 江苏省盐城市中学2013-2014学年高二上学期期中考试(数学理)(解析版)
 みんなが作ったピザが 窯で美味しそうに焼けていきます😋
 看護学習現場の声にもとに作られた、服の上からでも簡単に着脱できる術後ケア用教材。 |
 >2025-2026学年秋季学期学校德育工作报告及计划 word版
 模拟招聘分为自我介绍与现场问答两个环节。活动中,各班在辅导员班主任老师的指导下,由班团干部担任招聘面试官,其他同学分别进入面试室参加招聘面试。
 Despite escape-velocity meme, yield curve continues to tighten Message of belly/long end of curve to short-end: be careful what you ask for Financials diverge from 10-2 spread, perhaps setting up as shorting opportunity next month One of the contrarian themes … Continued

...

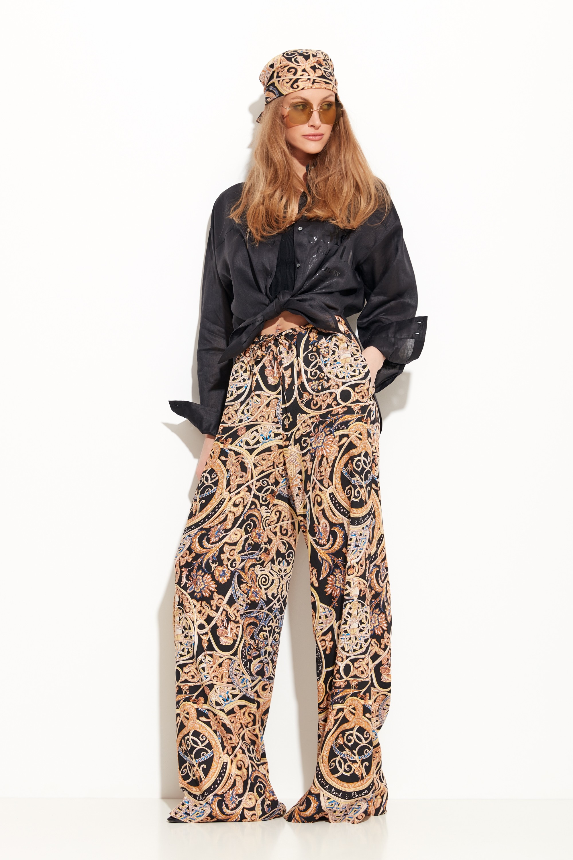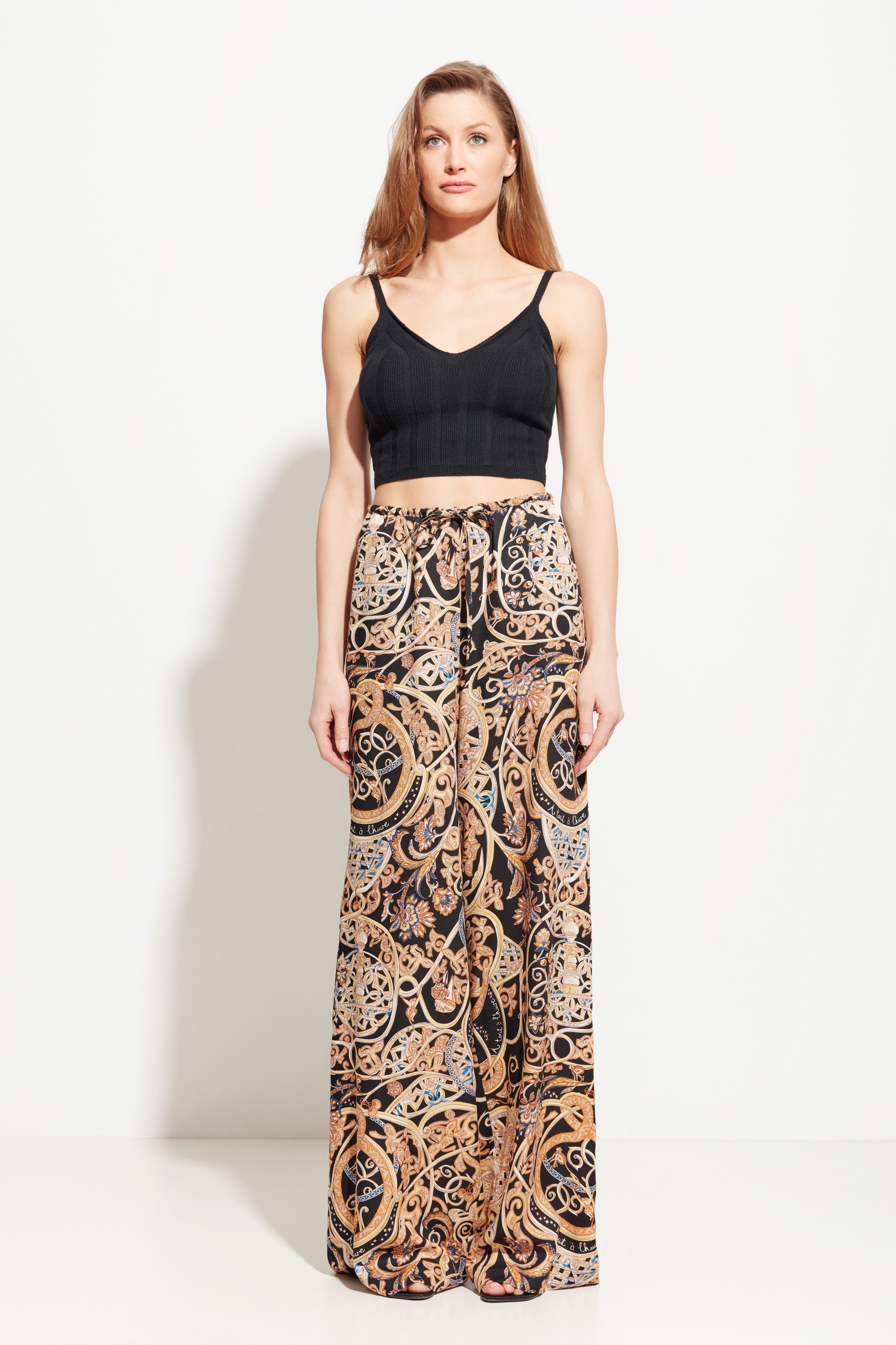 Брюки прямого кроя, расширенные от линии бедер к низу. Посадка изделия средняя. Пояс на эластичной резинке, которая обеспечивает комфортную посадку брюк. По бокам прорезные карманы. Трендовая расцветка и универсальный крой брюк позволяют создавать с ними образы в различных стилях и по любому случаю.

| Work required |
From the records above, transcribe without alteration every line from the one with "江苏省盐城市中学2013-2014学年高二上学期期中考试(数学理)(解析版)" to the one with "模拟招聘分为自我介绍与现场问", inclusive.

| Problem solution |
 江苏省盐城市中学2013-2014学年高二上学期期中考试(数学理)(解析版)
 みんなが作ったピザが 窯で美味しそうに焼けていきます😋
 看護学習現場の声にもとに作られた、服の上からでも簡単に着脱できる術後ケア用教材。 |
 >2025-2026学年秋季学期学校德育工作报告及计划 word版
 模拟招聘分为自我介绍与现场问答两个环节。活动中,各班在辅导员班主任老师的指导下,由班团干部担任招聘面试官,其他同学分别进入面试室参加招聘面试。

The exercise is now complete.